Over? Not at all. Kwon doesn't make any particular changes to the script. On the contrary. He even takes a step towards the field in response, does not grant reference points from the baseline and even puts his nose often and willingly near the net so as not to get tangled in the network of prolonged exchanges.
The Korean delivers the decisive push at 2-1, recovers from 0-40 in the immediately following game and after the super comeback he manages in an extraordinary way. Even on 4-1 he faces 15-30. Djokovic tries to make improvements to the tactical plan.
At least to give more angles to shots from the baseline and above all to use the slice more frequently.
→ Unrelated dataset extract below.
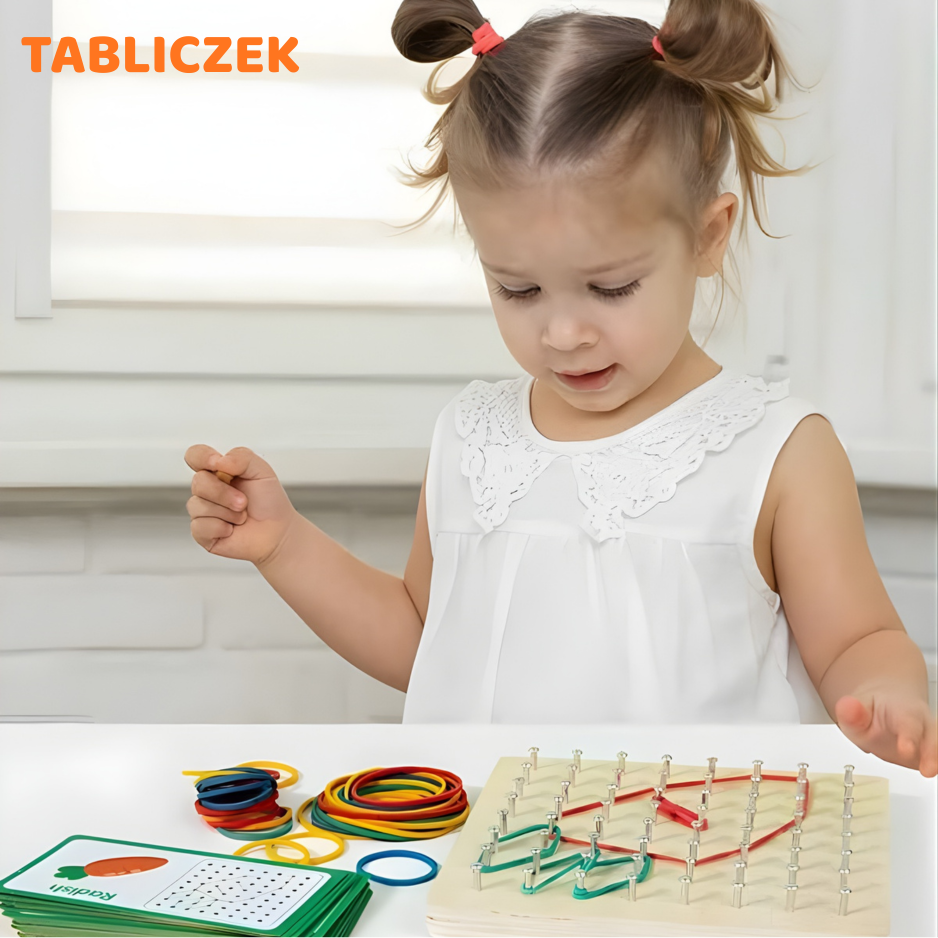 Kolorowe karty z wzorami i elastyczne gumki zachęcają dziecko do tworzenia coraz to nowych kształtów. Każdy obrazek to nowe wyzwanie, które pobudza wyobraźnię i uczy cierpliwości.

Although in the fifth game - at 30-40 - he needs a second serve to hold on to the score. Kwon cuts the field in an extraordinary way, perfectly anticipates the opponent's shallow shots, but concedes something on 3-4.
Djokovic, even without resorting to the stroardinari, keeps his nerve and above all limits mistakes. The break is the background to a practically perfect bat that is worth 6-3. Djokovic after two hours of play shakes off the numbness accumulated in the first two sets.
Kwon faces 15-40 in the first round of response thanks to a splendid acceleration from the forehand from the center, but it is basically the last gasp of a giant match. The Korean, who wastes the first two break chances out of fear alone, gets a third thanks to another splendid forehand acceleration but fails to enter the exchange. For Djokovic the rest is all a completely necessary side dish, also seasoned with a 12-3 shot.